To increase profits and expand investments, capitalists have to pay workers lower wages and benefits and keep down the expenses needed to provide safe and healthy conditions. Therefore, workers have to fight both to maintain any gains they have won and make any new advances.

As socialists, our approach recognises that the class interests of workers and capitalists are in basic conflict. We are also concerned that working people do not narrow their attention just to the economic struggle (wages, benefits, working conditions) in their particular workplace. When working people take an active role in struggling with major social and political issues they increase their strength and help both themselves and all oppressed people worldwide. This means taking stands that offer solutions for discrimination, war, pollution and other problems that nobody can really afford to ignore.

There is no kind of labour unionism by itself which is going to provide a solution to the exploitation of the working class. Unions helps to strengthen the working class’ position against the capitalists, and therefore it can contribute to building a  movement of the working class to overthrow the capitalist system and construct a socialist society. Only in socialism do working people have the means to collectively decide the direction their society will take and how they will participate in it.
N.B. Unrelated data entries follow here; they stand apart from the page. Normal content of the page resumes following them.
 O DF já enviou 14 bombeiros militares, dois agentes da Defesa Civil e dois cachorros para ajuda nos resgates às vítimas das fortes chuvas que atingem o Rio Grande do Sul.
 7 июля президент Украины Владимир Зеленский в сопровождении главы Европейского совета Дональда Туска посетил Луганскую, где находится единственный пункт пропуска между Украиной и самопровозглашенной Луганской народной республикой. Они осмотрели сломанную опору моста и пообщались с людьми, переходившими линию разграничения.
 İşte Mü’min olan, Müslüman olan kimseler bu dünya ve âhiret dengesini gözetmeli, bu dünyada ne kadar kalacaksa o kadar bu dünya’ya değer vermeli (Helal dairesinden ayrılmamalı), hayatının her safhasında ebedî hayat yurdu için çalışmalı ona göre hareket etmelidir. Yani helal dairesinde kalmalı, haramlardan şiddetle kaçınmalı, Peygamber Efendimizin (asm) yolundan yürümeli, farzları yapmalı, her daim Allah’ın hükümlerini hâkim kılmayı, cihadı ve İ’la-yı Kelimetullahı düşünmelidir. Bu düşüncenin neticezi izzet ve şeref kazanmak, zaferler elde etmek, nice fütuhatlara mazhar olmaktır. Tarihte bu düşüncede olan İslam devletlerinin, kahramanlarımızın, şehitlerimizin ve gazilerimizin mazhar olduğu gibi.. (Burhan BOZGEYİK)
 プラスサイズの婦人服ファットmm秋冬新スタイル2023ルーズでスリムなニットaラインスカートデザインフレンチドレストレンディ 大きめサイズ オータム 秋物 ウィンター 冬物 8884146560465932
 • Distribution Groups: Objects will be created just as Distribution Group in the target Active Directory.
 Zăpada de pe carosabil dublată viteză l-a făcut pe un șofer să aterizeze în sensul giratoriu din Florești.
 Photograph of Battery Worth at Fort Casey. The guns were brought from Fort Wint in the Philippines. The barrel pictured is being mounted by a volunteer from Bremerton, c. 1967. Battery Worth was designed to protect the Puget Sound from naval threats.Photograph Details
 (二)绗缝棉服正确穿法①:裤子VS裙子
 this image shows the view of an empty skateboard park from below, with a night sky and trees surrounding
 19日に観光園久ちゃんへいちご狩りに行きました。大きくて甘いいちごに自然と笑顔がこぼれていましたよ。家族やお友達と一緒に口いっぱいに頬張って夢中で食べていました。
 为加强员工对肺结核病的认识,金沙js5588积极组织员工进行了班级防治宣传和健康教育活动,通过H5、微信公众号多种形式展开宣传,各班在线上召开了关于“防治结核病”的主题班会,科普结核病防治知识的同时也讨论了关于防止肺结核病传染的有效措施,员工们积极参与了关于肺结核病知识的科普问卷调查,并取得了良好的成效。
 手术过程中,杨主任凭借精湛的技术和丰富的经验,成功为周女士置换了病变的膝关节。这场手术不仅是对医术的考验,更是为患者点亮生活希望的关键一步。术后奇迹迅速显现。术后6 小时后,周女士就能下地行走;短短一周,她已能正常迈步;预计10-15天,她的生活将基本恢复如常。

 As socialists we believe society’s main problem is the capitalist system itself and always uphold that the only real solution is socialism and political rule by working people, not capitalists. A socialist party fights for the interests of the working class as a whole and doesn’t take a narrow sectional view of just looking out for the interests of a few trades. A socialist party struggles for the long-term, political interests of working people, and not just a few short-term economic gains. Socialists also recognise that international borders should not be allowed to divide workers from other working people around the world because we are all fighting one international capitalist system.

Of course, not everyone who calls him or herself a socialists is one. Some leftists who may have the best of intentions cannot be considered socialists because they have the wrong idea of what a socialist society is and advocate the wrong strategy for making a revolution. Too many left-wing activists engage in adventurist acts as publicity stunts to gain attention primarily for their own organisation. They try to be impressive to other working people by striking a “militant” pose, but often their reckless actions just make them end up looking irresponsible and foolish. Typically, a group like this overestimates the conditions that could create a revolutionary situation because it needs to justify its adventurist actions because it has an over-inflated view of its own importance. They cause unnecessary divisions among the working class, and it ends up strengthening the position of the repressive political forces. What is most serious is that it tends to fan anti-socialism by discrediting genuine socialists in the eyes of the working class.